Confusion about brms: random intercept formula notation with two lines (||) or one (|)

Hey all,
I have a simple question about the formula notation for brms with random intercepts.
In the paper at http://138.232.16.156/article/view/v080i01 it is stated that “By default,
group-level coefficients within a grouping factor are assumed to be correlated. Correlations
can be set to zero by using the (coefs || group) syntax”.

The way I understand this is that correlation is being estimated between the random effects pertaining to the same factor. However, I see no difference when running the following R code, which fits a one-way random effects model with both the | and || notation, furthermore when I investigate the first model (correlated random effects), I cannot find the estimated correlations anywhere. Am I interpreting the quote above incorrectly? If not, is there a way to obtain the estimated correlation between the random effects?

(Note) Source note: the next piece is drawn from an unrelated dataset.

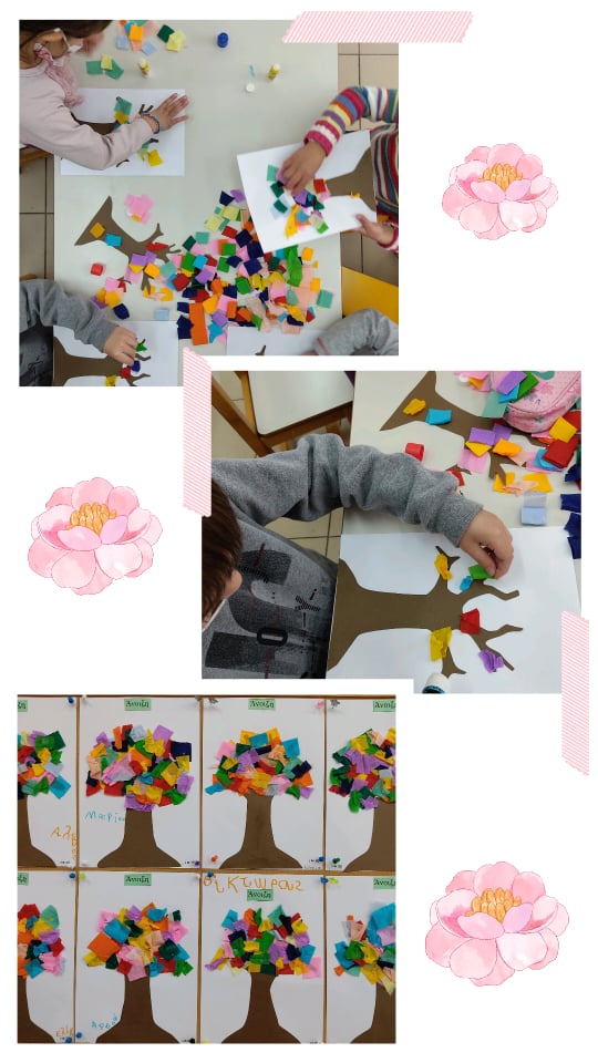 Στη συνέχεια επειδή πολύ μας άρεσε η ομαδική μας δημιουργία του ανοιξιάτικου δέντρου φτιάξαμε και ατομικά δέντρα με πολύχρωμα χαρτάκια γκοφρέ.

rm(list = ls())      #remove all vars
library(brms)
library(pracma)
library(Matrix)

#---------------------------sample data------------------------------
set.seed(1234567)
nvec = 10   # number of independent vectors Y
m     = 10
sigma2 = 1
tau    = 2

# Y_ij = theta_i + epsilon_ij, theta_i ~ N(0,tau), epsilon_ij ~ N(0, sigma2)
Y = as.matrix(bdiag(lapply(seq(nvec), function(i){ones(m,1)}))%*%rnorm(nvec, 0, sqrt(tau)) + rnorm(nvec*m, 0, sqrt(sigma2)))
data = as.data.frame(cbind(Y, Reduce(rbind, lapply(seq(nvec), function(i){i*ones(m,1)}))))
colnames(data) = c("outcomes", "factor")

#----------------------------------fit brms --------------------------------------------
burnin = 5e3
M = 1e4

seed_brms = 123
fit_cor = brm(formula = 'outcomes ~ 0 + (1 | factor)',
          data    = data,
          warmup  = burnin,
          iter    = M,
          chains  = 1,
          control = list(adapt_delta = 0.999),
          seed    = seed_brms)
summary(fit_cor)


fit_uncor = brm(formula = 'outcomes ~ 0 + (1 || factor)',
          data    = data,
          warmup  = burnin,
          iter    = M,
          chains  = 1,
          control = list(adapt_delta = 0.999),
          seed    = seed_brms)
summary(fit_uncor)

The | and || syntax is only relevant when you have multiple random effects. In your model:

outcomes ~ 0 + (1 | factor)

You’ve specified that there is a random intercept that varies across each level of factor. There are no correlations to estimate here since there is only a single random effect

1 Like

Thanks! That makes more sense to me. I think something was wrong in my definition of a random effect/group-level coefficient then, as I understood it the variables theta_i were the random effects, but maybe the total collection (theta_i)_i is more commonly (or at least for brms/stan) thought of as the random effect.

Just FYI, you don’t typically need that many samples (either in warmup or iter) in Stan. Many times, the default (iter=2000 of which half are warmup) is plenty. Just FYI to save you some time if you are used to some other sampler. I didn’t run your code here, so maybe it doesn’t apply, but usually I don’t need that many samples.

Thanks, that could indeed be the case. I didn’t really look at the ess/diagnostics of the samples though as this was an example I wanted to generate for the forum where both formulas gave the same result. The burn-in and number of iterations were from some other script where I analyzed a larger dataset.